Could someone please explain to me, as simply as possible, why the following:
7 performing recursive step 5 performing recursive step 3 performing recursive step 1 performing recursive step -1 at base case. 1 done with recursive step 3 done with recursive step 5 done with recursive step 7 done with recursive step
...when b(7) is called? I understand how it it from 7 to -1, but I thought it would stop there since there was no return statement after the if statement. What causes it to wrap back up and perform the "done with recursive step" S.O.P. method?
Basically, when the recursive call is made, the current state of the method is frozen until the method is finished executing. So the method freezes after n is 7, waiting for b(5) to finish, etc. When you finally reach the base case, then each of the method on the stack that have been frozen, can now complete.
...then it would only print to the base case since there is no System.out.println() method after the recursive call anymore, right? In other words, since there's no print or return method, there is no place for the method to "unleash itself" visually, right?
Originally posted by Amy Lee: I thought it would stop there since there was no return statement after the if statement.
Just to be clear, every method returns to the method that called it (or throws an exception, another form of returning). You only need to use the return keyword if you want to return a value or return early.
If you don't specify a return anywhere in your method, it returns when the end of the method is reached. In your case above, when n <= 0 the if test passes, the message is printed, the else block is skipped, and finally the method returns to the calling method.

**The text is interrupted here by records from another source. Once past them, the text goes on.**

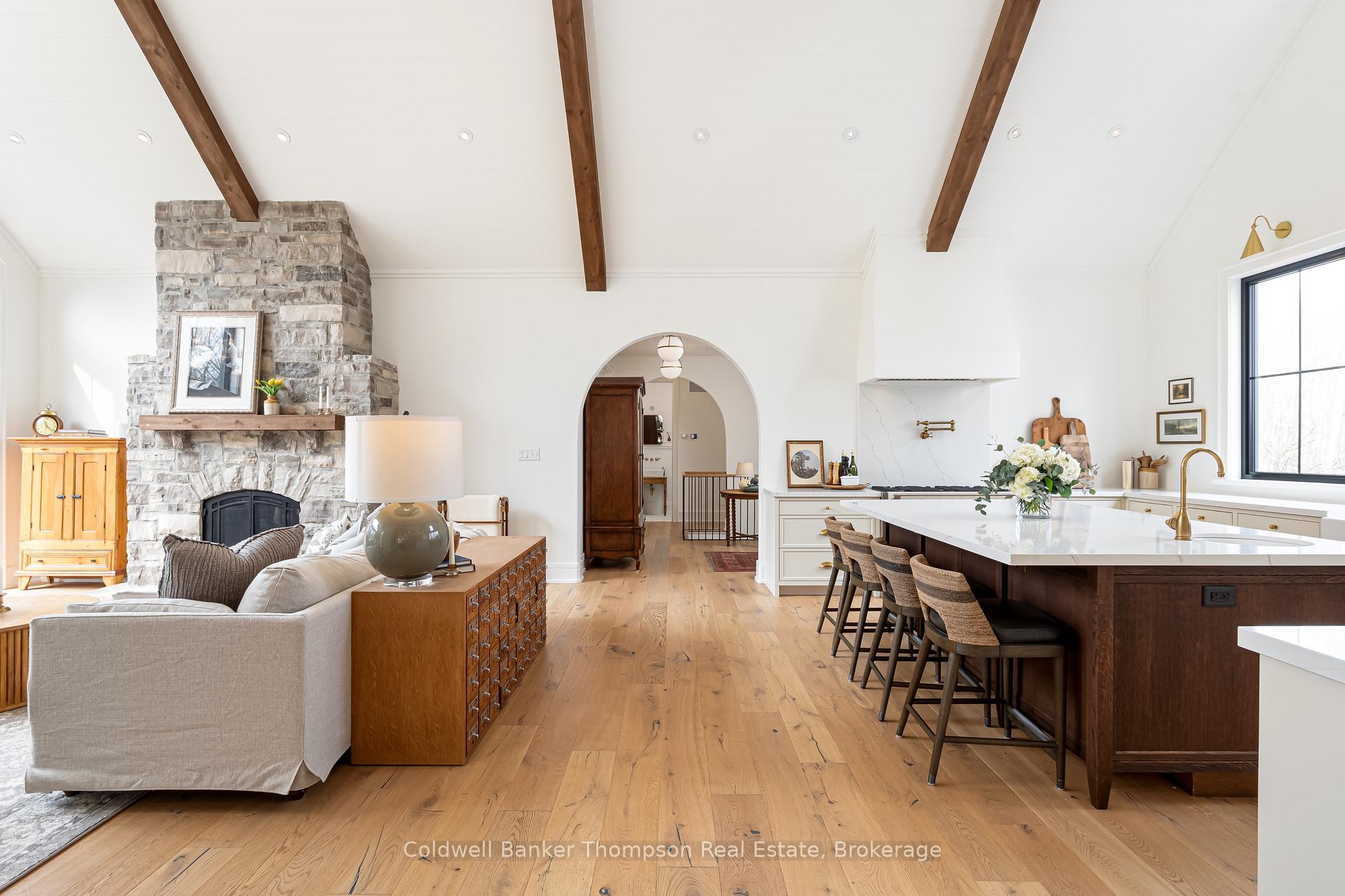 This exceptional high-end bungalow blends the charm of a European villa with modern luxury. Set well back from the road and approached by a circular driveway, the home boasts a striking exterior with wood siding, vertical board and batten, painted brick accents, and arched doorways. Inside, the kitchen is a masterclass in design, featuring an oversized island with a prep sink, panel-front appliances, and a stunning Elise propane range with pot filler. A walk-in pantry offers seamless storage. Vaulted ceilings in the kitchen and living room enhance the sense of space, while a propane stone fireplace anchors the open-concept design. A full wall of windows opens to an exquisite outdoor living area: a custom hexagonal stone patio surrounding a beautiful pool and mostly level, fully fenced backyard. The screened Muskoka Room with a wood-burning fireplace provides an inviting retreat, while the adjacent dining room is ideal for entertaining. The private bedroom wing includes two spacious guest bedrooms sharing a 5-piece Jack and Jill bathroom, and the rear-positioned primary suite offers serene backyard views. Its spa-like ensuite features a freestanding tub, glass-enclosed shower, and double vanity, while the walk-in dressing room provides ample storage. The opposite wing includes a large laundry room with folding surface, drying rack, and stylish laundry sink, as well as a mudroom with built-in storage and access to the heated double garage, currently a workshop but easily converted. The lower level offers a generous rec room, two additional bedrooms, and a 3-piece bathroom. A whimsical playhouse under the stairs adds charm, while a spacious storage room and tidy utility area complete the space. A rare find crafted with impeccable design, this home is a perfect blend of style and functionality.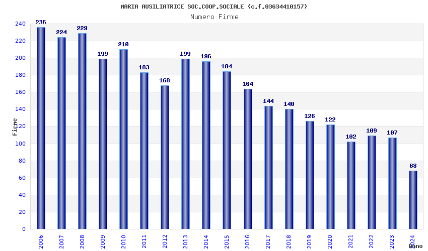 | Anno | Firme | Importi | Media | Naz. | Reg. | Prov. | Comu. |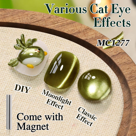 Double Rhythm 0.5 Oz Cat Eye Gel Polish with Magnet Same Color Same Bottle Holographic Glitter Shimmer Translucent Color Salon 15 ML Magnetic Nail Art (Sage Green-MC1277)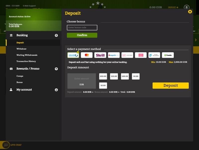 النظام المصرفي المُستخدم جيد، حيث يُتيح الكازينو عمليات الإيداع والسحب عبر Visa وMasterCard والتحويل البنكي وPayPal وSkrill وDiners. كما يُمكن الإيداع عبر SOFORT وPaysafecard وGiropay. مدة السحب 48 ساعة، وتُعالج المدفوعات بعد ذلك بوقت قصير. تجدر الإشارة إلى أن حد السحب اليومي هو 2000 يورو.
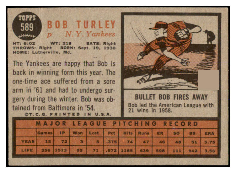 1962 Topps Baseball #589 Bob Turley Yankees VG-EX 527754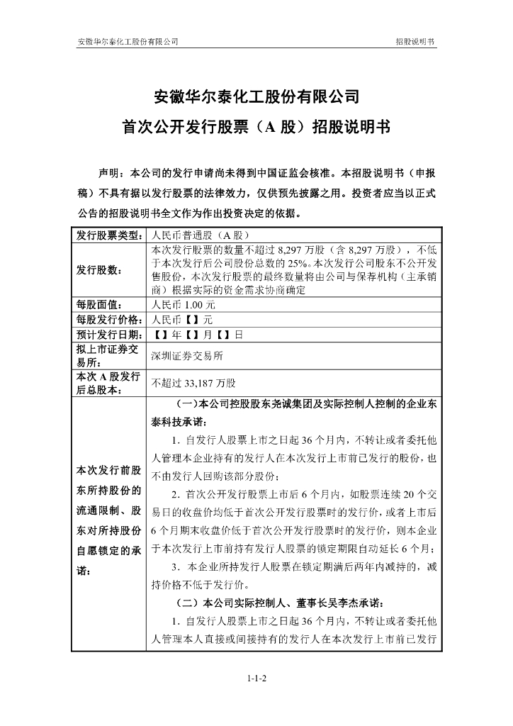 安徽华尔泰化工股份有限公司深交所主板IPO上市招股说明书.pdf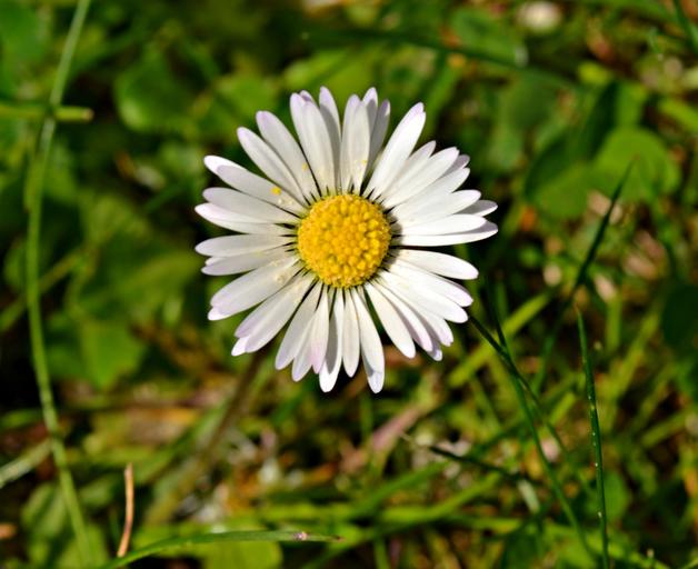Keywords: daisy flowers white white flowers nature spring green bloom close up petals bokeh garden grass sunny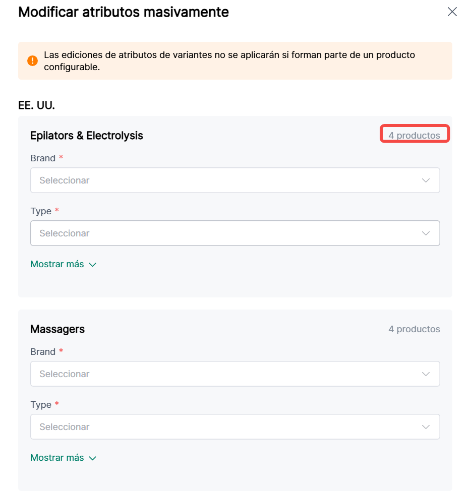 4. Modificación Masiva de Atributos de Producto: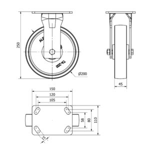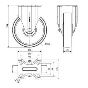 Rueda acero fija Alex diametro 200 mm. modelo 4-1136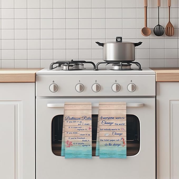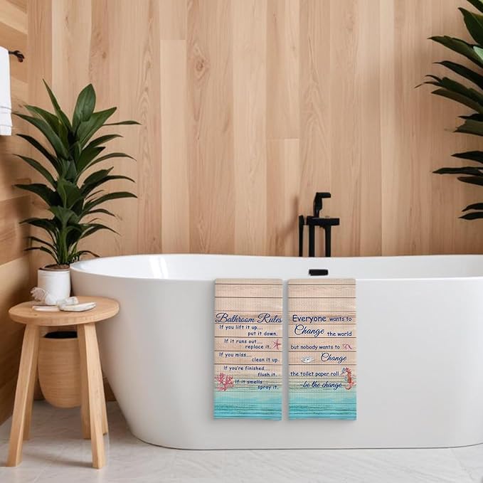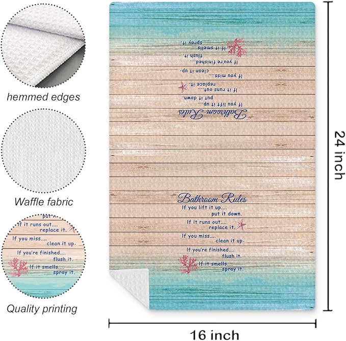 Funny Bathroom Rules Decorative Hand Towels Set of 2, Rustic Farmhouse Hand Towels for Bathroom Decor, 16x24 Inch(Beach Style)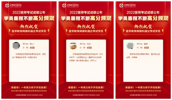 2022醫(yī)師資格考試成績(jī)終于塵埃落定,你查分了嗎?(快速查分入口>>),網(wǎng)校自成績(jī)公布后收到了來(lái)自全國(guó)各地學(xué)員的好評(píng)!以下來(lái)自三位醫(yī)師考到458分學(xué)員的感謝!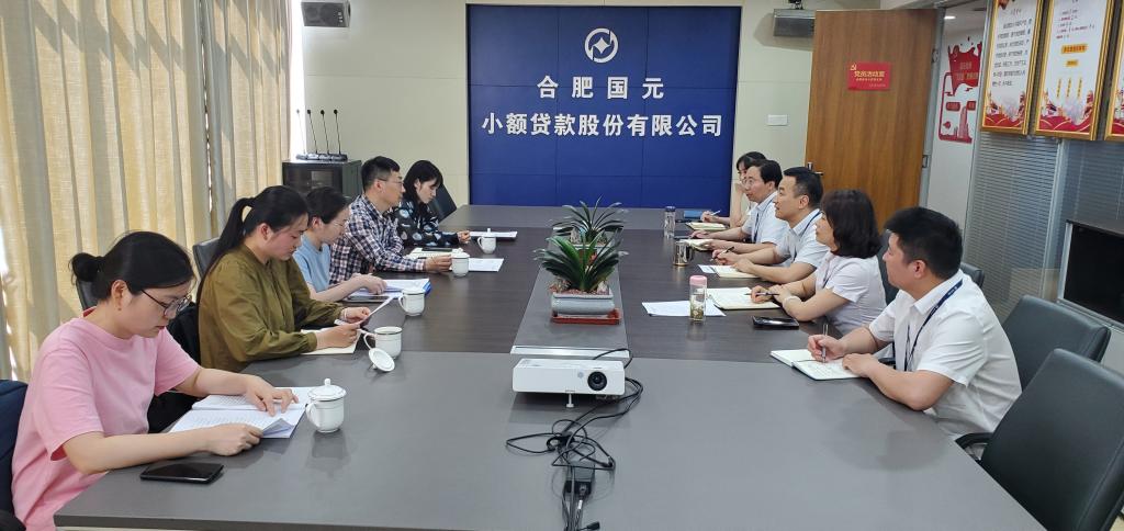 為深入學習貫徹習近平新時代中國特色社會主義思想和全面貫徹黨中央、省委大興調查研究的決策部署,開展大走訪大破題促提升行動,推動主題教育走深走實,2023年5月15日,合肥市經開區財政局副局長閆之文一行赴安徽國元投資有限責任公司(以下簡稱“國元投資”)下屬子公司合肥國元小額貸款股份有限公司(以下簡稱“合肥國元貸款”)開展調研及檢查工作。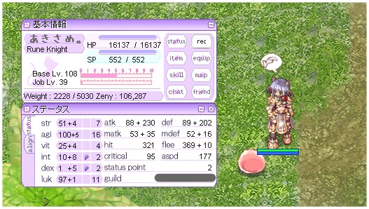 BaseLv95 / JobLv29 「紅雨」で「こうう」になります。
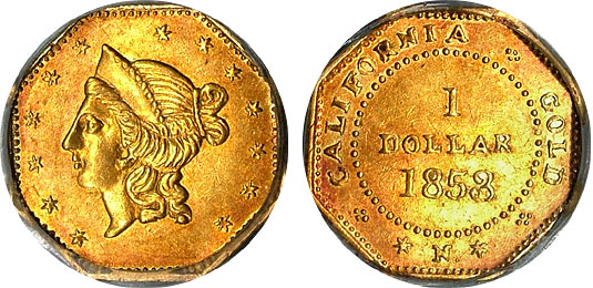 Choice 1853 PCGS AU58 One Dollar Territorial Gold Fractional BG-530 is a perfect AU with just a touch of rub on the high points. Orange peel toned and lustrous this coin is PQ and won't spend much time on the available page. Hurry on this amazing piece of history.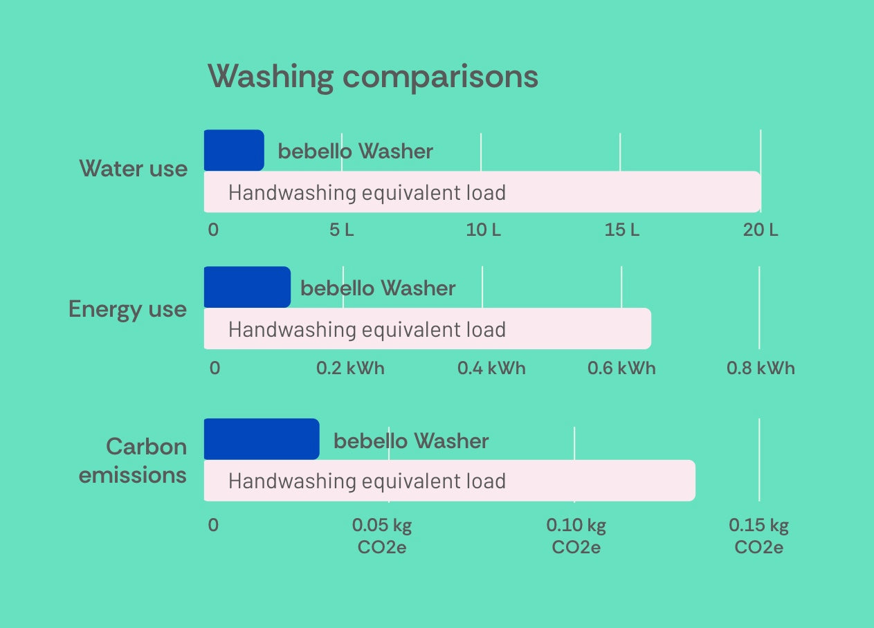 This means Bebello Washer emits 78% less carbon per handwashing session!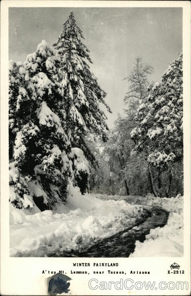 Front: WINTER FAIRYLAND A'top Mt. Lemmon, near Tucson, Arizona X-2912 Back: I be # COLOd LOLLESGARD SPECIALTY CO., TUCSON, ARIZONA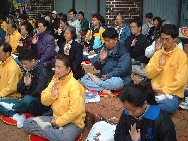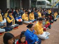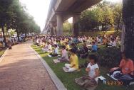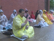 这一活动在五月二十六号下午达到了高潮。数十名来自芝加哥及附近城市的大法弟子在黑云压城,风雨交加的环境中,凝神端坐,单手立掌,发出最纯正的正念:“法正乾坤,邪恶全灭”!大法弟子的正气似滚滚的浪潮,荡涤着三界内邪恶的一切因素。别说是下雨,就是下雹子、下刀子我们也雷打不动。
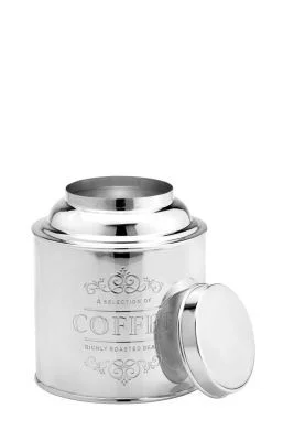 Кругла банка для кави з посрібленою поверхнею — аксесуар, що додасть сервіруванню нотки класичної розкоші.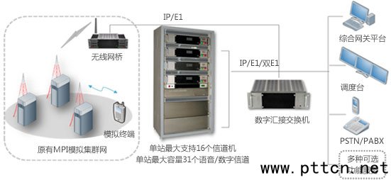 在規(guī)劃建設(shè)區(qū)域,拆除原有模擬基站,直接新建PDT數(shù)字系統(tǒng),同時(shí)可以將拆除的原有模擬基站搬遷到二線地區(qū)使用,保護(hù)原有基站設(shè)備的投資。新建的PDT數(shù)字集群網(wǎng)絡(luò)和遺留的模擬集群網(wǎng)絡(luò)通過(guò)標(biāo)準(zhǔn)的PDT-MPT無(wú)線網(wǎng)關(guān)設(shè)備互聯(lián)互通。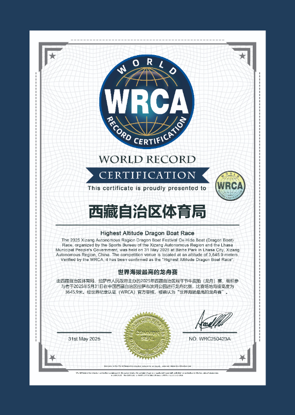 經(jīng)世界紀錄認證機構(gòu)(WRCA)認證為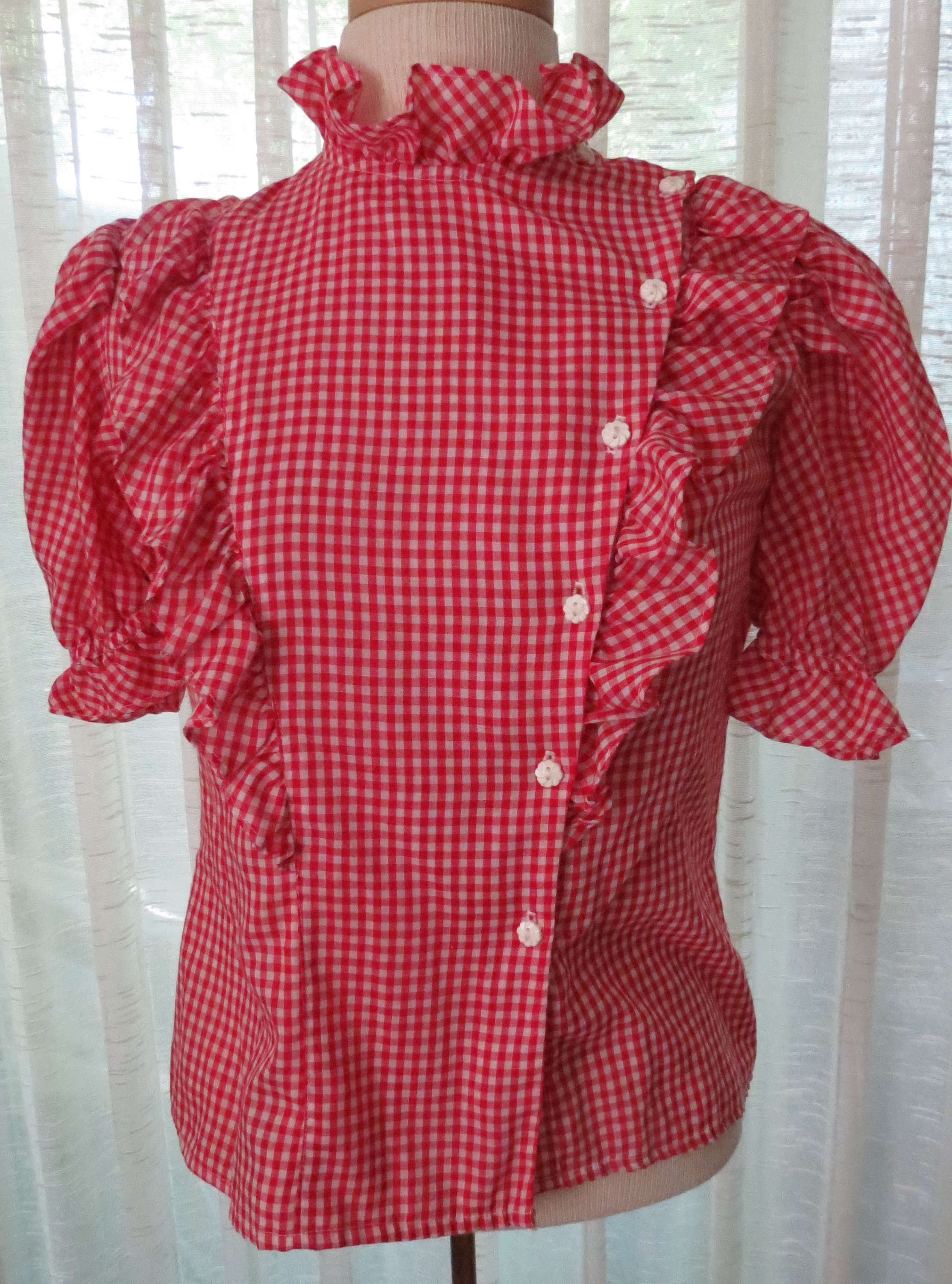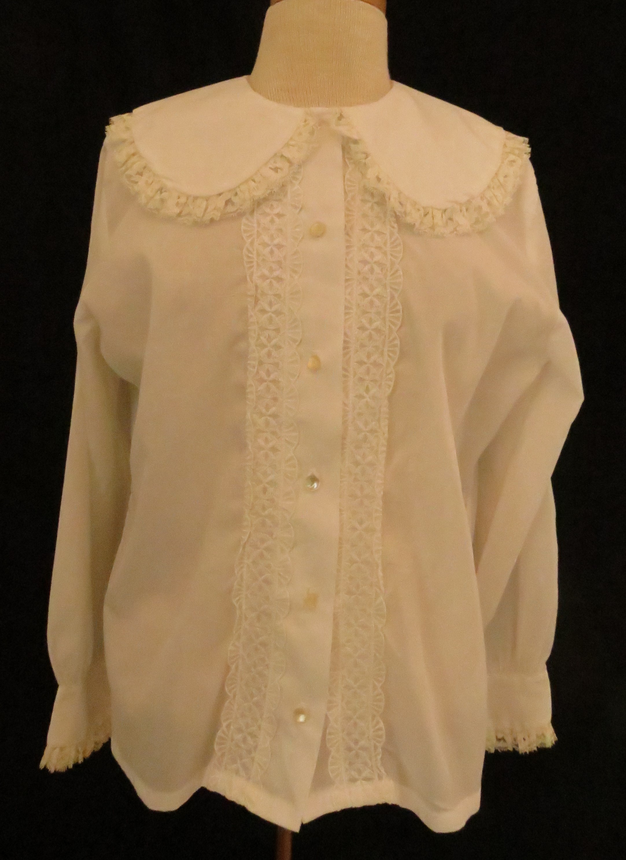 Here are two of my oldest women’s blouses and two of the most interesting. What more can I say about the blue one? Not sure if it was home-tailored by a creative and fashion-forward gal, but I think so. Perfectly unique and attention-grabbing. What fun! Love it!!

As each method invocation is kept on the stack, recursive calls are considered to be different method calls in the preceding discussion.
Removing the third println() call doesn't change this fact. It only means that after the recursive call returns to the b(n-2) line, there's nothing more for the method to do so it returns to its caller. The same call chain is performed, however.
For kicks, add another recursive call to b(n-1) immediately after the call to b(n-2).